Just one bit of advice: make 110% sure you completely understand how courts typically rule on things that are spelled out in a pre-nup, regarding assets which are later sold (like if you sell a rental home and redeploy the assets elsewhere, whether it's in real estate or equity/bond investments). You'd probably need to have a separate company formed with its own checking account, CPA, etc., in order to do your best to keep it as separate as possible.
Also - as I've noted before, there's a LOT we don't know about your and your fiance's exact relationship, but you must pay attention to various clues and behavior. Remember that communication is more NON-verbal than verbal. If she demanded a $1MM house, know that she's likely going to be no different on other tastes/expenditure decisions later on.
And replay how the pre-nup talk went in your head to analyze it. You say "she almost gave the ring back" - pay close attention to how you brought it up, what she said, how she said it, what words/actions she used, and whether it was just a ploy to try and manipulate you into caving and reneging on the pre-nup, or if it is truly just an honest girl who has no ulterior motives and was only looking at it from a romantic perspective. Did she simply emotionally react and try to steamroll you into submission...or did she initially react, and then somewhat calmly discuss the topic with you? Did you have to grit your teeth and barely suggest some things inbetween her outbursts and demands, or was she open to going back and forth with what would be "yours" and what would be "marital property"? There are many honest people out there, but also many manipulators and users (male as well as female). If she has any idea of the assets you have, it shouldn't have come as a surprise to her at all that you brought the subject up. If you had just $200k, yes, it could be a surprise, since most of your earnings would come after marriage...but for someone with an $8MM portfolio who is looking to retire soon after (or even before) getting married, it shouldn't be a shock at all - unless you had previously told her that you don't believe in pre-nups.
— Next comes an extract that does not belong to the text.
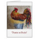 Origineel op grote leisteen. De briljante veren draperen op een elegante manier over de emmer-haan op het rietje.
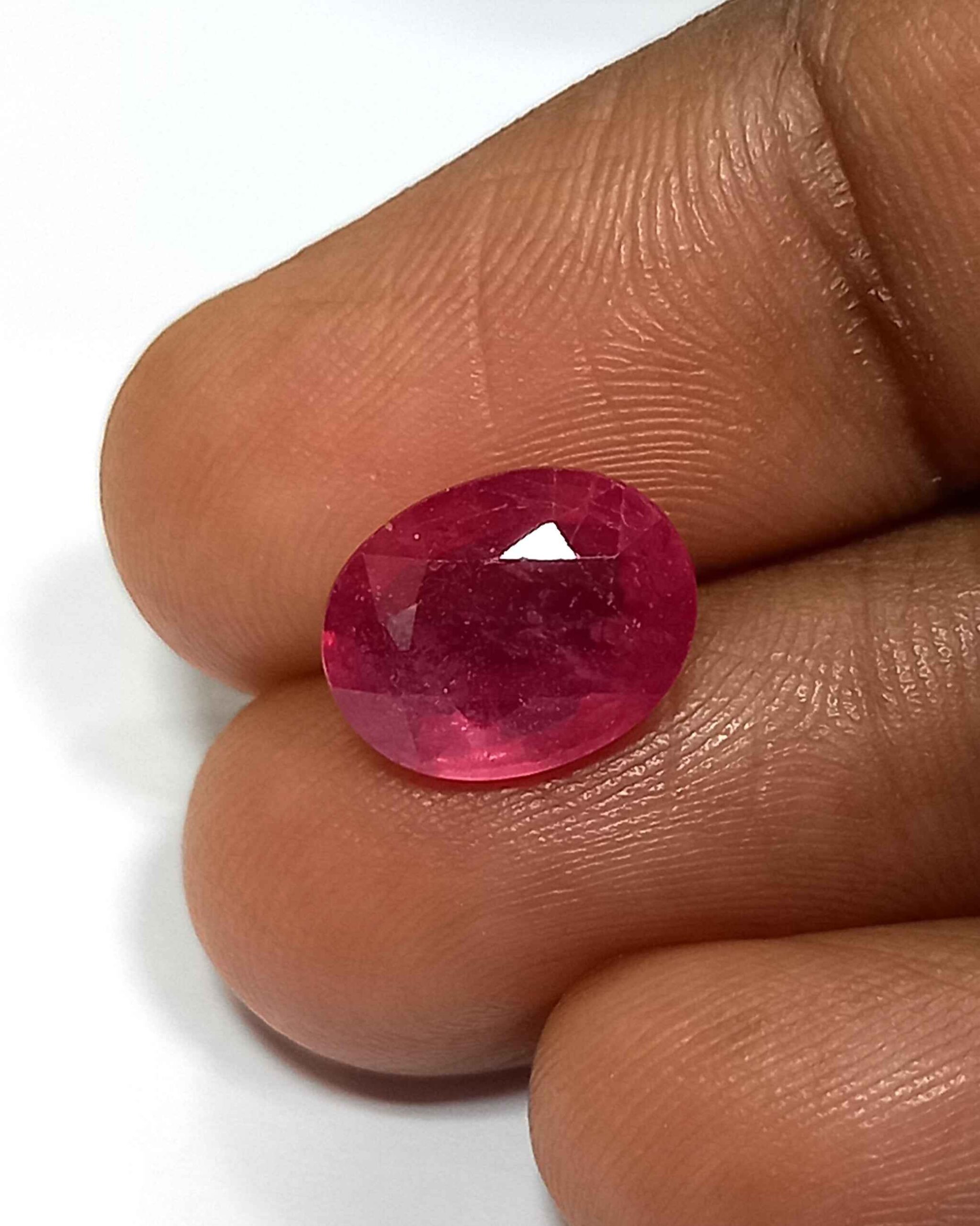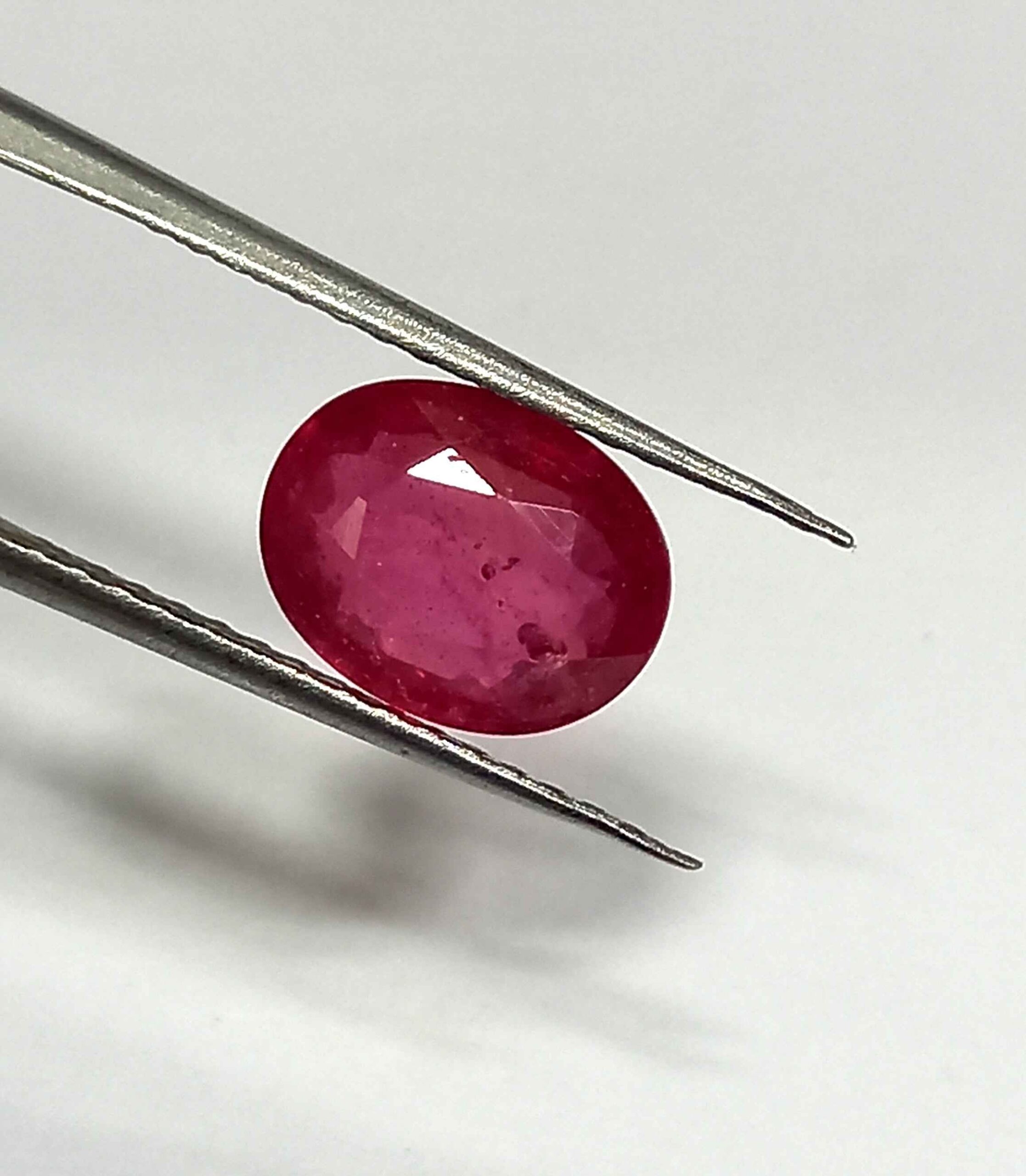 This 3.30 carat oval cut natural pink ruby gemstone originates from Thailand.

IMO, a truly loving, understanding potential spouse (who would truly be your teammate in life) would at least be half aware that such an apparent HUGE disparity between your assets and hers would beg the topic of a pre-nup at some point. It's not like you'd be the 10th couple in the history of the world with a pre-nup. Just as she was 'offended' at you even bringing up the subject of a pre-nup, YOU have every right to equally be 'offended' that someone with apparently zero assets would balk at (and even get the point of almost giving back your ring!) relinquishing rights to seizing half of your assets down the road if she walked.
I am a little confused at your statement about
She says she's upset about not being a partner and that it will divide a wall between us. Not protecting the assets part
Was she trying to argue that she's offended by a pre-nup strictly on the grounds of it making the two of you "not partners", and that her offendedness has nothing to do with you protecting your assets
HA! (sorry, couldn't help myself)....was the topic of your pre-nup discussion about other requirements (like "the pre-nup would allow me to take a 2 month long vacation without you once a year" and you'll have to put up with it), or was the pre-nup discussion strictly centered around your assets? If the later, I don't really see what her offense was, if her displeasure with a pre-nup has nothing to do with your assets...since that's ALL it's about! Again, I know pretty much nothing about you nor your fiance....but if someone tries to use the line of "A pre-nup offends me because it puts a wall between us, and it has nothing to do with your assets", I would be a little wary - because a prenup (in most cases) is precisely all about your assets and only your assets (unless you had children you were bringing into a marriage, for instance). For her to say "I don't want your money, and I don't care about your money....but a pre-nup would put a wall between our partnership" is only trying to manipulate you into changing your mind, IMO, because all the pre-nup is about is your financial assets.